People usually fit into two camps when it comes to the Disney Dining Plan, Disney’s pre-paid meal package. They either love it and wouldn’t be without it, or they hate it because they don’t think it’s value for money.

We probably flit between the two.

Here in the UK, there’s usually a decent free dining offer announced in April. This means many people travelling over to the Orlando parks stay on-site at Disney to make the most of the free plan.

We’ve done it all ways. We spent a week on-site with free dining in 2017, we paid for the Disney Dining Plan when we stayed at All Star Sports in 2018, and I’ve done many off-site stays with no dining plan at all.

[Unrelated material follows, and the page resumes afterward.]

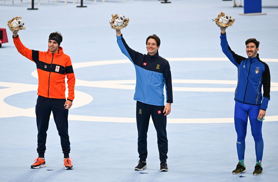 Nils van der Poel of Sweden (C), Patrick Roest of the Netherlands (L) and Davide Ghiotto of Italy salute at the flower ceremony of the speed skating men's 10000m of Beijing 2022 Winter Olympics, Feb. 11, 2022. (Xinhua/Wang Fei)

Whether it’s worth paying for is still up for debate – we actually did the dining plan calculations to see if it was after our last stay – but we thought it would be fun to take a look at the people who really should avoid having it, free or not.

A little caveat, this is all pretty tongue in cheek, so please don’t take it too seriously. We love the dining plan, but we don’t think it suits everyone – including us. If you’re one of the people listed, share whether or not you agree with us in the comments.

Starbucks is included on the Disney Dining Plan

Avoid the Disney Dining Plan if you’re… spontaneous

That’s right, spontaneous people might struggle with the Disney Dining Plan. Although the quick service version gives a bit more variety, you’re only able to make the most of the full dining plan if you book your meals 180 days in advance.

No, that wasn’t a mistake. You have to decide where you want to eat, every day for a 14-day holiday, six months before you step on the plane.

Although this suits some people, those who like to go with the flow will find this a completely alien and, quite frankly, bonkers concept.

We’re a pretty in-the-moment couple, which meant we ended our last on-site Disney World stay with four table service credits left. Considering the average meal at a sit-down restaurant cost around $100 for both of us, that’s technically $200 we didn’t make use of because we chopped and changed our plans and just didn’t feel like eating at the places we’d booked six months before.

We’ll note here that you can make same-day reservations, but if you want to eat at popular places at a decent time, you’re very unlikely to get the reservation you want if you don’t book 180 days in advance.

Avoid the Disney Dining Plan if you’re… on a budget

This one will probably spark some debate, especially when you take the free dining offer into account. But for me, if you’re planning a budget trip, onsite at Disney with dining (free or not) isn’t the option for you.

Why not?

To start with, free dining is only ever available on the full rate of the room. So if we take current figures (on 8th March 2020) into account, the cheapest Disney Resort (that offers a full dining plan) for two adults on a random fortnight in May is Port Orleans French Quarter at £3,402. The free dining offer isn’t on yet, but if we take it at face value that the price won’t change, that’s your cost without flights or tickets just for the quick service dining plan and hotel room.

If you compare that to a moderate off-site hotel – let’s take Universal’s Cabana Bay as an example – you can get the hotel for £1,613 on booking.com for the same two weeks. This would leave you with £1,789 for food when compared to the Disney price. Now, if you plan to eat every meal in Disney World, it might feel worth it, but considering this is just for quick service food we highly doubt it.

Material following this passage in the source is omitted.